WORK TASK
Take every line of the material below that includes the string "Andersen" and copy it out.
== == ==
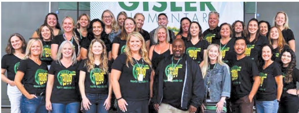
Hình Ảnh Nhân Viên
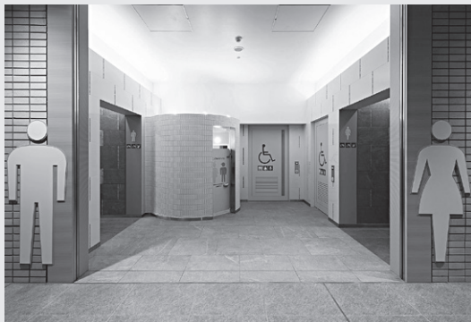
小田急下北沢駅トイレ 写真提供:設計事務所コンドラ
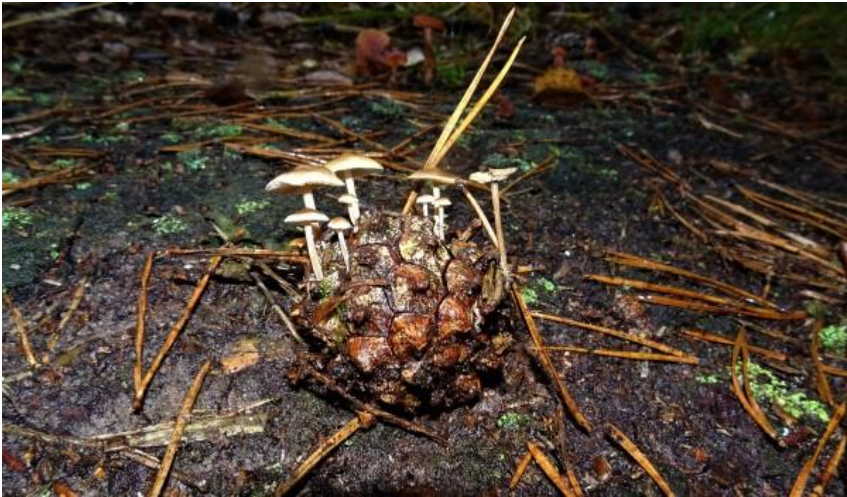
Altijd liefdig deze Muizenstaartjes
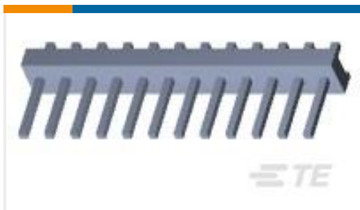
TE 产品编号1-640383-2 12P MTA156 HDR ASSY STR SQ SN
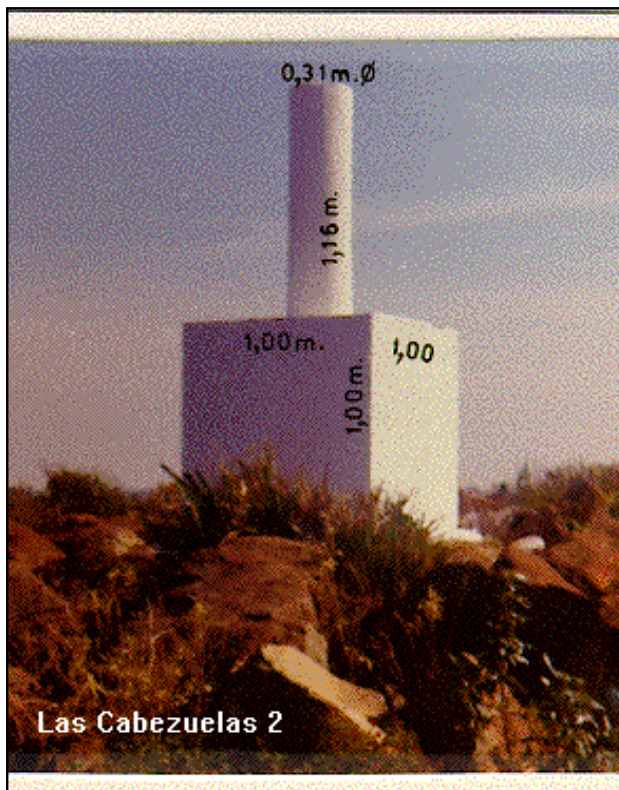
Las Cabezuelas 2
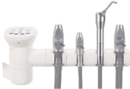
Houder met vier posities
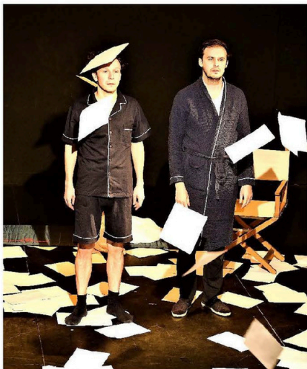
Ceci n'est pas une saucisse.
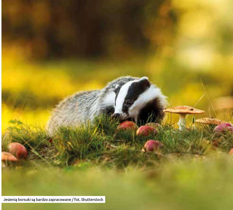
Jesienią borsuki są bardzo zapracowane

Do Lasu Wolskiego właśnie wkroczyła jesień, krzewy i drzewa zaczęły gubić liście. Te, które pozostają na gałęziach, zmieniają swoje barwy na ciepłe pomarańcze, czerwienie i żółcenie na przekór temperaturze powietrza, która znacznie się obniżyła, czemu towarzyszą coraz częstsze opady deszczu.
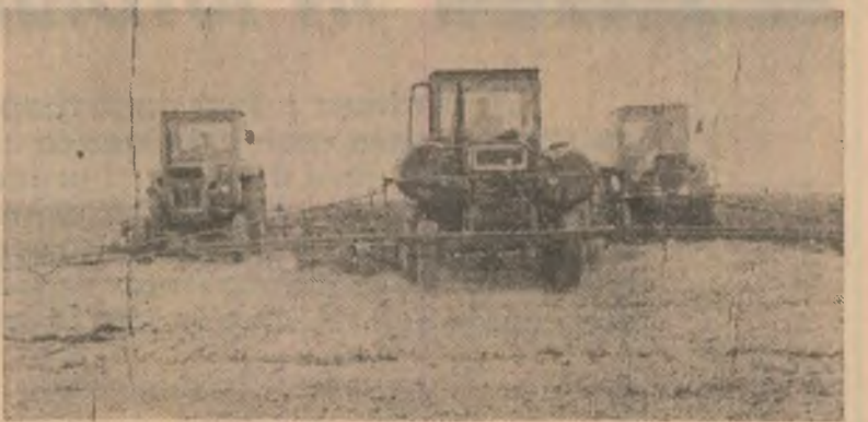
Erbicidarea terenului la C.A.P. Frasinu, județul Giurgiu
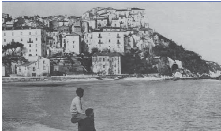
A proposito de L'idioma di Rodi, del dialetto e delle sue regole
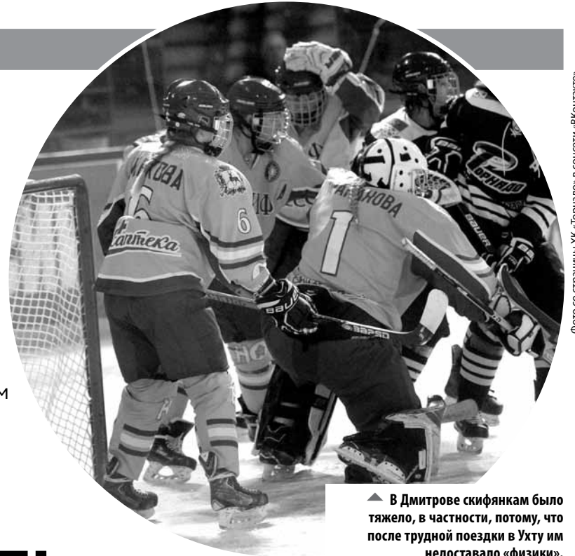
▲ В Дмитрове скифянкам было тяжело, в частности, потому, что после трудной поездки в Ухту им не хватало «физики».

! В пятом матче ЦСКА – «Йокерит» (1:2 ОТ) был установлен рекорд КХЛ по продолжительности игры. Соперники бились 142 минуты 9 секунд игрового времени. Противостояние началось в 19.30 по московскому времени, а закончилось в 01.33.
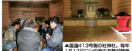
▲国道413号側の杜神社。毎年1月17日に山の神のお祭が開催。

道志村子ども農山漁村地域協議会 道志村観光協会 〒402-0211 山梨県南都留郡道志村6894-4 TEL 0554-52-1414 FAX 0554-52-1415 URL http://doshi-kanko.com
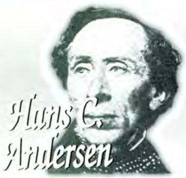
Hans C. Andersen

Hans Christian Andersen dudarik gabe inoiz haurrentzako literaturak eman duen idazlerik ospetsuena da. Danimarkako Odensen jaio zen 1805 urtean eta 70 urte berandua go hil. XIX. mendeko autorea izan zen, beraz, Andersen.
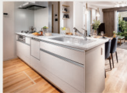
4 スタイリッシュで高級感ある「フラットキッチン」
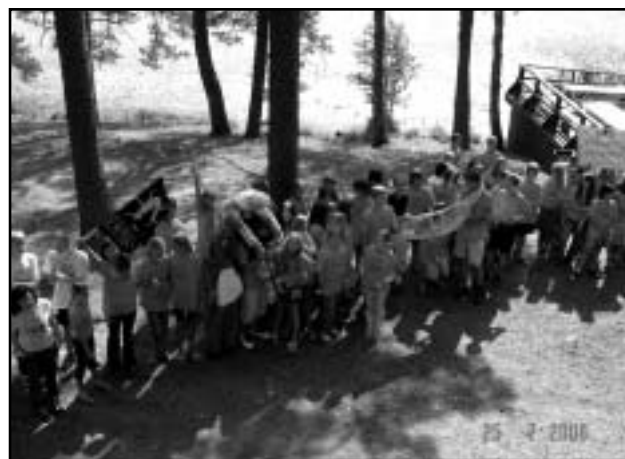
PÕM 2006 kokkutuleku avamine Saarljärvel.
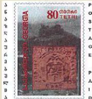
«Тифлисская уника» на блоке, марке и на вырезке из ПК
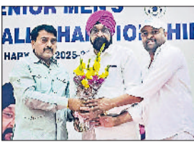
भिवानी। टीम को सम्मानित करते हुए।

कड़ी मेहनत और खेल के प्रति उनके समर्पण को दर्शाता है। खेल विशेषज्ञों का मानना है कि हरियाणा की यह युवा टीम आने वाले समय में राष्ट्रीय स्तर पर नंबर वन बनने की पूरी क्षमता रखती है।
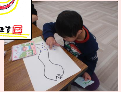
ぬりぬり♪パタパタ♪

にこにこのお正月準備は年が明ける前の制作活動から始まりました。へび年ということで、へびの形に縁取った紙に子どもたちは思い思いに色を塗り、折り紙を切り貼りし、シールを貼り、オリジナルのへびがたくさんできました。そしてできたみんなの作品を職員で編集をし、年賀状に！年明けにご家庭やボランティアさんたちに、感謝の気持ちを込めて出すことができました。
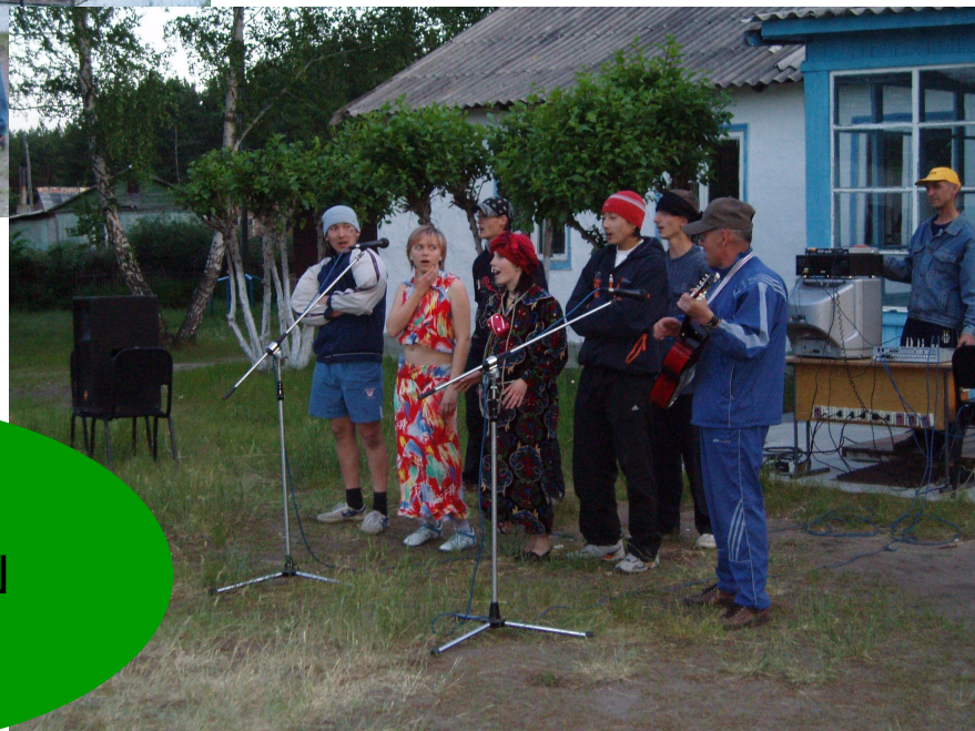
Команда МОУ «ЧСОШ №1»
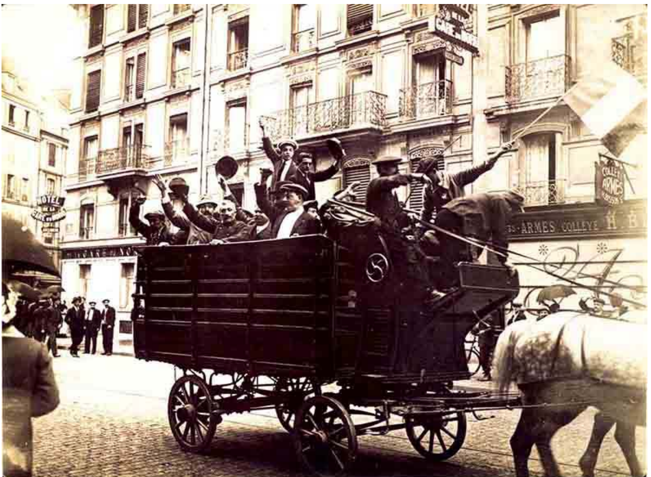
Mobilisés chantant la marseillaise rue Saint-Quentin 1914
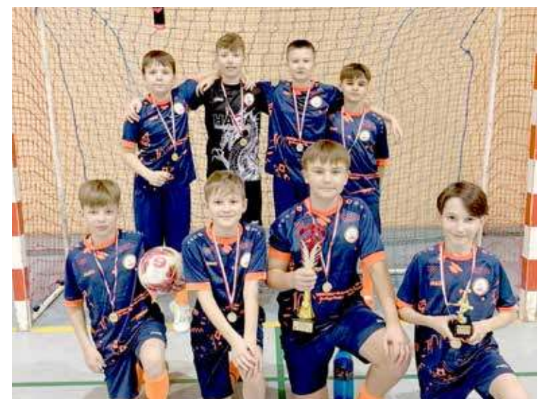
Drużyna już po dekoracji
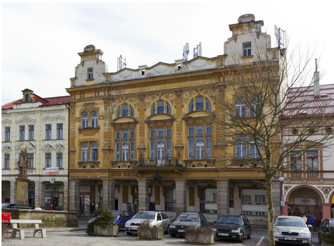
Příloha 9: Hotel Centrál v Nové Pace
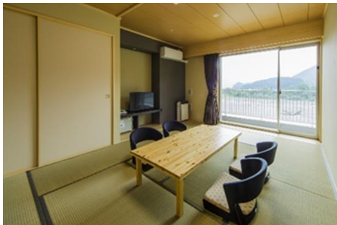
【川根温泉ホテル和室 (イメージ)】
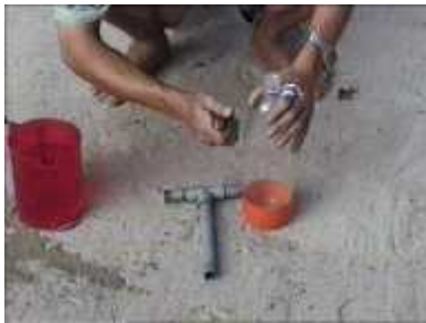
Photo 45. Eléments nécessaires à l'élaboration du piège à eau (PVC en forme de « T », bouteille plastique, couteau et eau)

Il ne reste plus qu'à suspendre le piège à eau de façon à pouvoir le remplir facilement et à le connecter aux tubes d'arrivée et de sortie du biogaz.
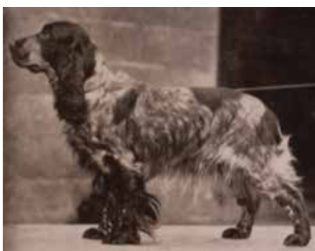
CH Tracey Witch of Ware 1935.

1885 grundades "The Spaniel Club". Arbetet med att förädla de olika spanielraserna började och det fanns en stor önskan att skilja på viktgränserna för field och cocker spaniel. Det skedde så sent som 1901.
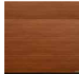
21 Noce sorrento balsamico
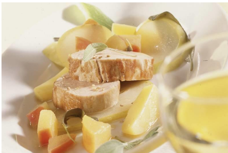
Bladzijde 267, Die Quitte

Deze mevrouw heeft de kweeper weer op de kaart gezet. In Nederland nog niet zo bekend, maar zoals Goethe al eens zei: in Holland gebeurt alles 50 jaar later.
== == ==
SOLUTION TO THE EXERCISE
Hans C. Andersen
Hans Christian Andersen dudarik gabe inoiz haurrentzako literaturak eman duen idazlerik ospetsuena da. Danimarkako Odensen jaio zen 1805 urtean eta 70 urte berandua go hil. XIX. mendeko autorea izan zen, beraz, Andersen.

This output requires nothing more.